On Sun, Nov 10, 2019 at 6:28 PM Wang, Gang <gw...@ebay.com> wrote:

> That’s right. By default, Spark prefers sort merge join.
>
> While, in our product environment, there are many huge bucket tables. We
> can leverage the bucketing to avoid shuffle when join with other small
> tables (the small tables are not small enough to leverage broad cast join).
> Problem is that, although shuffle can be avoid, sort is still necessary to
> leverage sort merge join (we cannot pre-sort since there are different join
> patterns). For a huge table, sort may take even tens of seconds.
>
> That’s why I’m trying to enable shuffle hash join, and for such cases,
> there were almost 10% ~ 20% improvement when apply shuffle hash join
> instead of sort merge join. I wonder if there is still some space to
> improve shuffle hash join? Like code generation for ShuffledHashJoinExec or
> something….
>
>
>
> *From: *Wenchen Fan <cl...@gmail.com>
> *Date: *Sunday, November 10, 2019 at 5:57 PM
> *To: *"Wang, Gang" <gw...@ebay.com.invalid>
> *Cc: *"dev@spark.apache.org" <de...@spark.apache.org>
> *Subject: *Re: Why not implement CodegenSupport in class
> ShuffledHashJoinExec?
>
>
>
> By default sort merge join is preferred over shuffle hash join, that's why
> we haven't spend resources to implement codegen for it.
>
>
>
> On Sun, Nov 10, 2019 at 3:15 PM Wang, Gang <gw...@ebay.com.invalid>
> wrote:
>
> There are some cases, shuffle hash join performs even better than sort
> merge join.
>
> While, I noticed that ShuffledHashJoinExec does not implement
> CodegenSupport, is there any concern? And if there is any chance to improve
> the performance of ShuffledHashJoinExec?
>
>
>
>

Re: Why not implement CodegenSupport in class ShuffledHashJoinExec?
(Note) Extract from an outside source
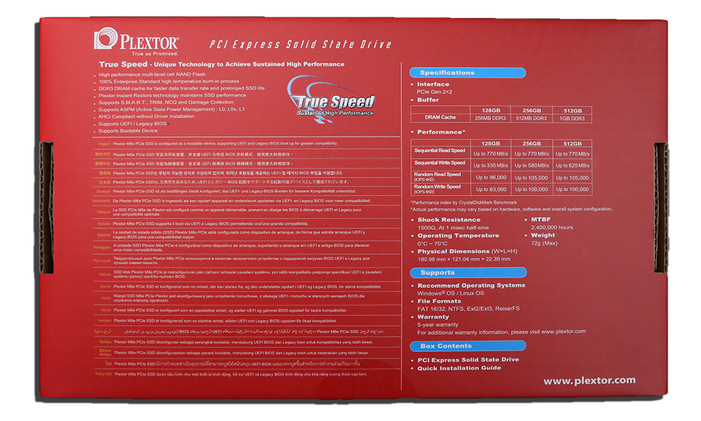 The Plextor M6e PCIe M.2 SSD is a PCIe X2 device and, as much as that doubles the performance compared to SATA 3 SSDs, using only 2 lanes also means that the M6e is bottle-necked at 1GB/s speeds. The M6e will be available in sizes of 128, 256 and 512GB and performance is variable depending on capacity.

Posted by "Wang, Gang" <gw...@ebay.com.INVALID>.

That’s right. By default, Spark prefers sort merge join.
While, in our product environment, there are many huge bucket tables. We can leverage the bucketing to avoid shuffle when join with other small tables (the small tables are not small enough to leverage broad cast join). Problem is that, although shuffle can be avoid, sort is still necessary to leverage sort merge join (we cannot pre-sort since there are different join patterns). For a huge table, sort may take even tens of seconds.
That’s why I’m trying to enable shuffle hash join, and for such cases, there were almost 10% ~ 20% improvement when apply shuffle hash join instead of sort merge join. I wonder if there is still some space to improve shuffle hash join? Like code generation for ShuffledHashJoinExec or something….

From: Wenchen Fan <cl...@gmail.com>
Date: Sunday, November 10, 2019 at 5:57 PM
To: "Wang, Gang" <gw...@ebay.com.invalid>
Cc: "dev@spark.apache.org" <de...@spark.apache.org>
Subject: Re: Why not implement CodegenSupport in class ShuffledHashJoinExec?

By default sort merge join is preferred over shuffle hash join, that's why we haven't spend resources to implement codegen for it.

On Sun, Nov 10, 2019 at 3:15 PM Wang, Gang <gw...@ebay.com.invalid> wrote:

There are some cases, shuffle hash join performs even better than sort merge join.

While, I noticed that ShuffledHashJoinExec does not implement CodegenSupport, is there any concern? And if there is any chance to improve the performance of ShuffledHashJoinExec?